# Linear discriminant

1. Nov 17, 2007

### sensitive

Hi

I am doing this exercise (2 class problem with 2-dimensional features) and I have solved the linear discriminant function which turns out be y1(x) - y2(x) = 2x1 +2x2

I am having difficulty in finding the class posterior probabilities frm the linear discriminant function obtained.

But I tried this way and got stuck.

We know that yi(x) = ln{p(x|ci)p(Ci)}

from the linear discriminant function obtained

y1(x) = ln{p(x|C1)p(C1)} = 2x1 + 2x2 + y2(x)
ln{p(x|C1)p(C1)} = 2x1 + 2x2 + ln{p(x|C2)p(C2)}
ln[{p(x|C1)p(C1)} - {p(x|C2)p(C2)} = 2x1 + 2x2

Using exponential for both side we get
p(x|C1)p(C1)/p(x|C2)p(C2) = exp(2x1 + 2x2)

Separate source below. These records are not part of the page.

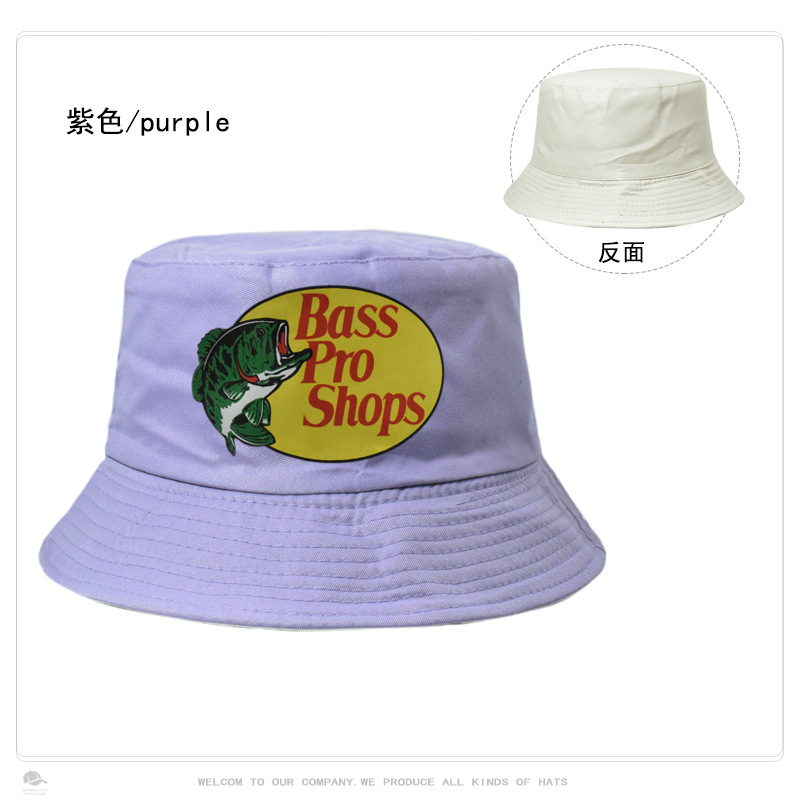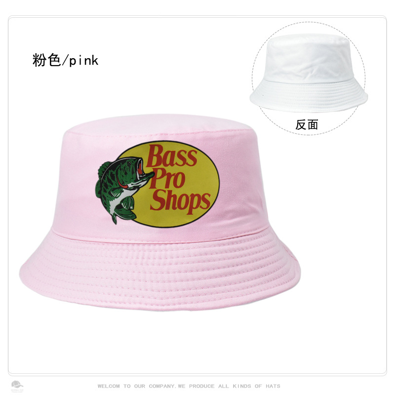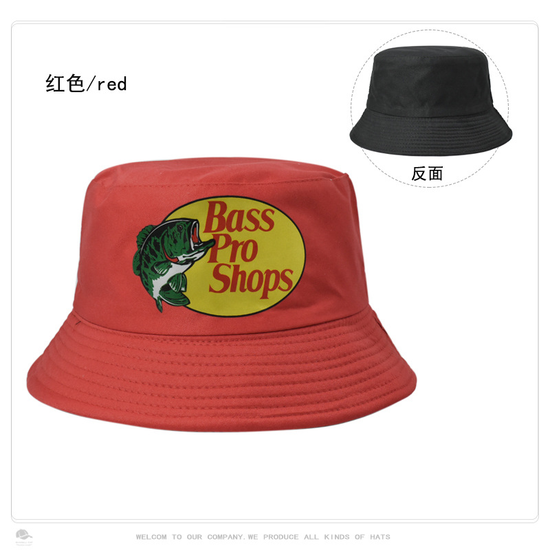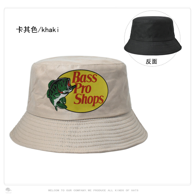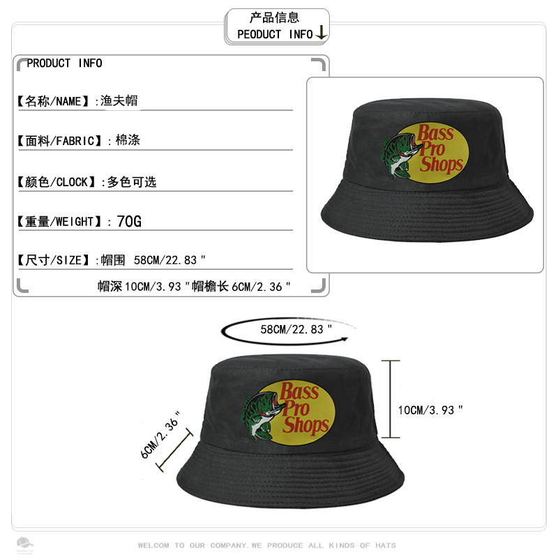 跨境帽子男女纯色Bass Pro Shops印花渔夫帽户外钓鱼遮阳防晒盆帽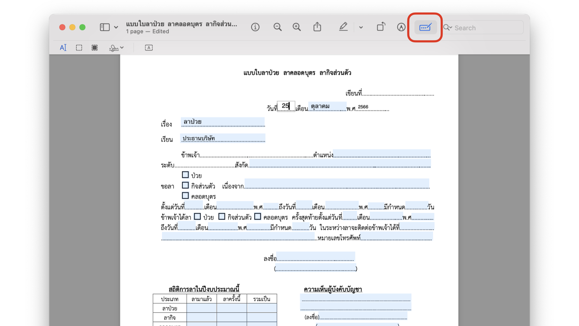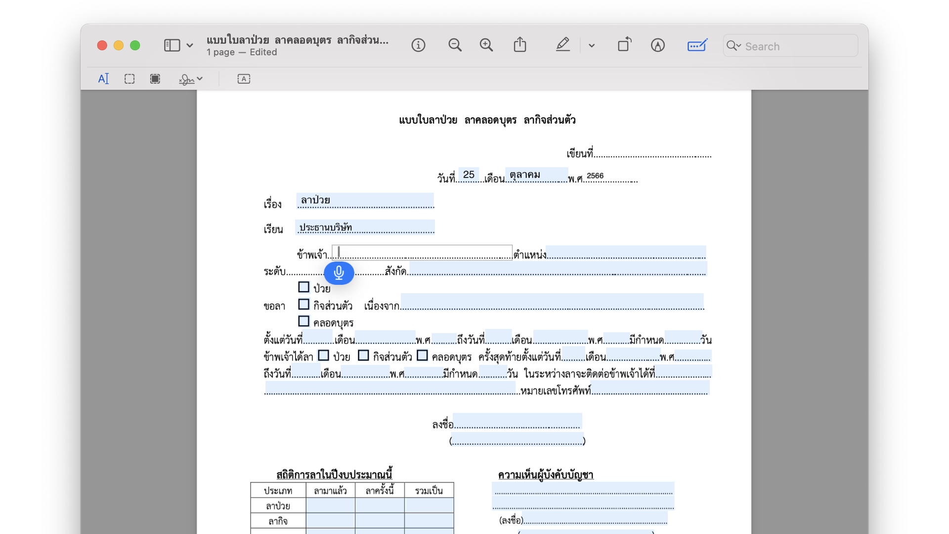 ฟีเจอร์ AutoFill เปิดให้ใช้งานแล้วตั้งแต่ macOS Sonoma 14 โดยเป็นฟีเจอร์ที่ระบบจะตรวจจับช่องว่างที่ต้องกรอกข้อมูลลงไปในไฟล์ PDF โดยอัตโนมัติ แต่เวอร์ชันล่าสุด macOS 14.1 อัปเดตให้สามารถใช้ฟีเจอร์ Dictation หรือการป้อนตามคำบอกร่วมกับฟีเจอร์ AutoFill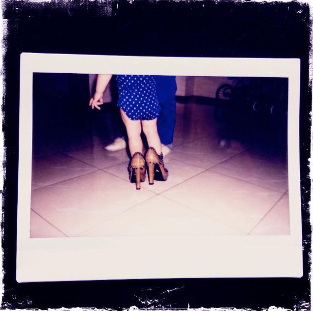 Поп-звезда опубликовала на своей странице в социальной сети Facebook несколько фотографий малышки Евангелины в маминых туфлях на каблуках.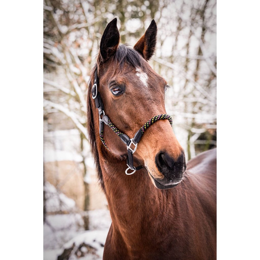 Měkké polstrování v oblasti nátylníku zajišťuje pohodlí a pomáhá předcházet otlakům. Díky oboustrannému nastavení nátylníku ji lze přesně přizpůsobit tvaru hlavy koně. Nastavitelný nánosník umožňuje ještě lepší doladění velikosti a optimální usazení. Provazový nánosník usnadňuje manipulaci a ovládaní koně. Je vhodná pro neklidné, lekavé, dopředné koně, nebo pro jakéhokoliv koně v případě potřeby větší kontroly.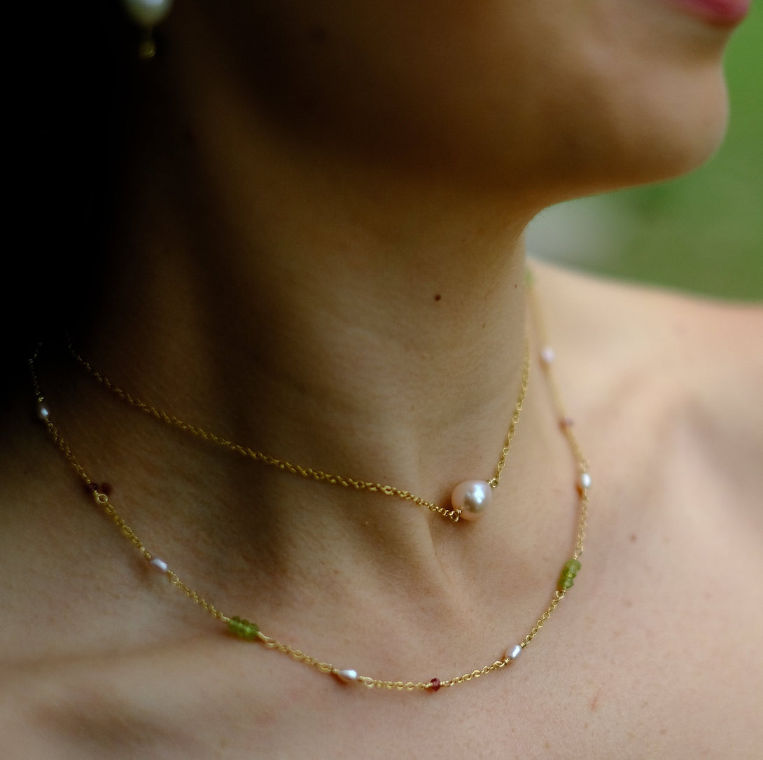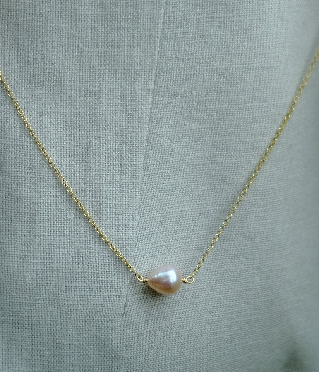 Natural Pink Freshwater Pearl 9.50mm wire wrapped on chain

p(C1) and p(C2) are constatnt so we can neglect us giving the following

p(x|C1)/p(x|C2)= exp(2x1 + 2x2)

From this point I am not sure how to separate both posterior probabilities.

plz help...Thank you

Last edited: Nov 17, 2007
2. Nov 17, 2007

### EnumaElish

As long as p(x|C1)/p(x|C2)= exp(2x1 + 2x2) is the only condition that needs to hold, p(x|C1) = exp(2x1), p(x|C2)= exp(-2x2) would satisfy it.